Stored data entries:
▬▬▬▬▬▬▬▬▬▬

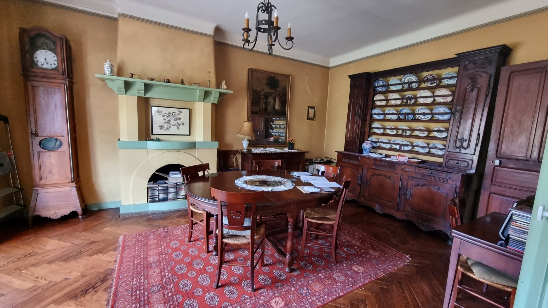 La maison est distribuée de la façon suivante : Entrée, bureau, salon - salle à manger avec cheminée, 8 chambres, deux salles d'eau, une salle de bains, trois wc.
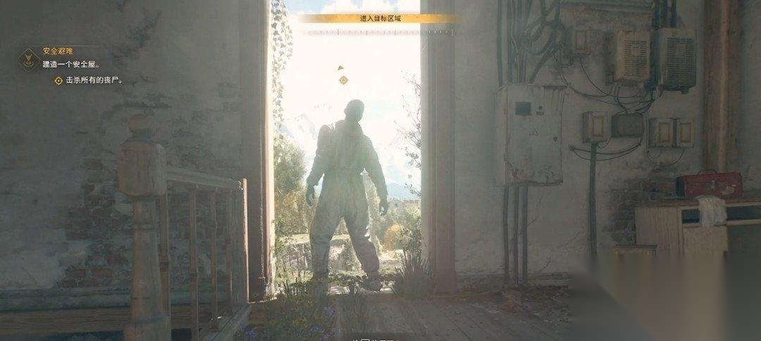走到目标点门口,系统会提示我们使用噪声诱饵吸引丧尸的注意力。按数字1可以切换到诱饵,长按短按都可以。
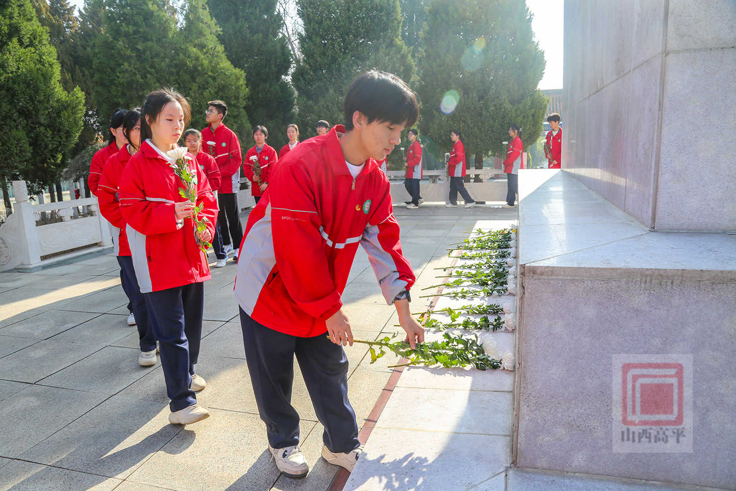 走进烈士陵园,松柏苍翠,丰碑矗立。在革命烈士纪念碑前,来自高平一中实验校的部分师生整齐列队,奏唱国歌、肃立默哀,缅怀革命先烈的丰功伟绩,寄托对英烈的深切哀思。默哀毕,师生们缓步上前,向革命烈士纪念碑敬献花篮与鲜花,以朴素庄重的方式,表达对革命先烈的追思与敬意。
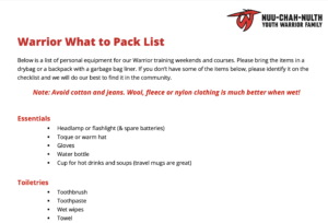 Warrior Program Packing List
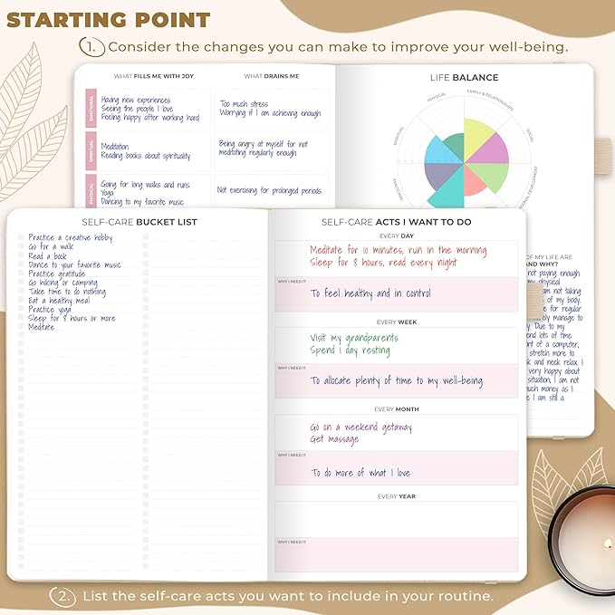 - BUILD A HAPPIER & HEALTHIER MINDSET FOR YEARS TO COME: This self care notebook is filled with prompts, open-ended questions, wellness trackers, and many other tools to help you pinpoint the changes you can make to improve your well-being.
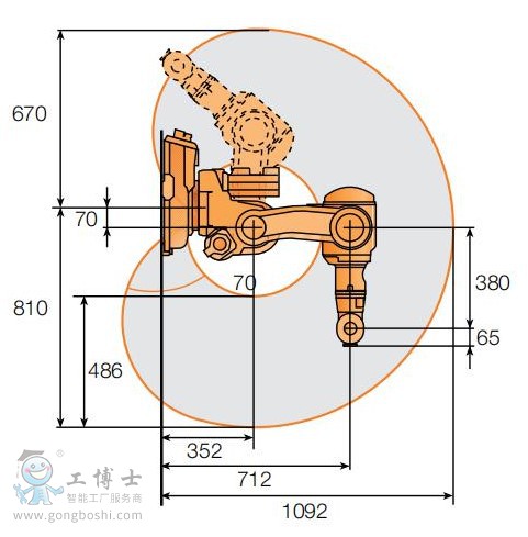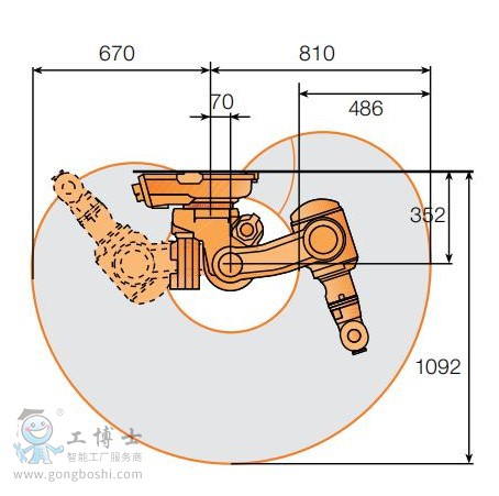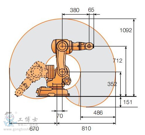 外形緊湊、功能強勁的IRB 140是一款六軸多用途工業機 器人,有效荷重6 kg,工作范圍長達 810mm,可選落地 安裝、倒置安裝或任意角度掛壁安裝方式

▬▬▬▬▬▬▬▬▬▬

### Task prompt
Return the complete data unchanged and include none of the pictures.

### Solved exercise
 La maison est distribuée de la façon suivante : Entrée, bureau, salon - salle à manger avec cheminée, 8 chambres, deux salles d'eau, une salle de bains, trois wc.
走到目标点门口,系统会提示我们使用噪声诱饵吸引丧尸的注意力。按数字1可以切换到诱饵,长按短按都可以。
 走进烈士陵园,松柏苍翠,丰碑矗立。在革命烈士纪念碑前,来自高平一中实验校的部分师生整齐列队,奏唱国歌、肃立默哀,缅怀革命先烈的丰功伟绩,寄托对英烈的深切哀思。默哀毕,师生们缓步上前,向革命烈士纪念碑敬献花篮与鲜花,以朴素庄重的方式,表达对革命先烈的追思与敬意。
 Warrior Program Packing List
 - BUILD A HAPPIER & HEALTHIER MINDSET FOR YEARS TO COME: This self care notebook is filled with prompts, open-ended questions, wellness trackers, and many other tools to help you pinpoint the changes you can make to improve your well-being.
 外形緊湊、功能強勁的IRB 140是一款六軸多用途工業機 器人,有效荷重6 kg,工作范圍長達 810mm,可選落地 安裝、倒置安裝或任意角度掛壁安裝方式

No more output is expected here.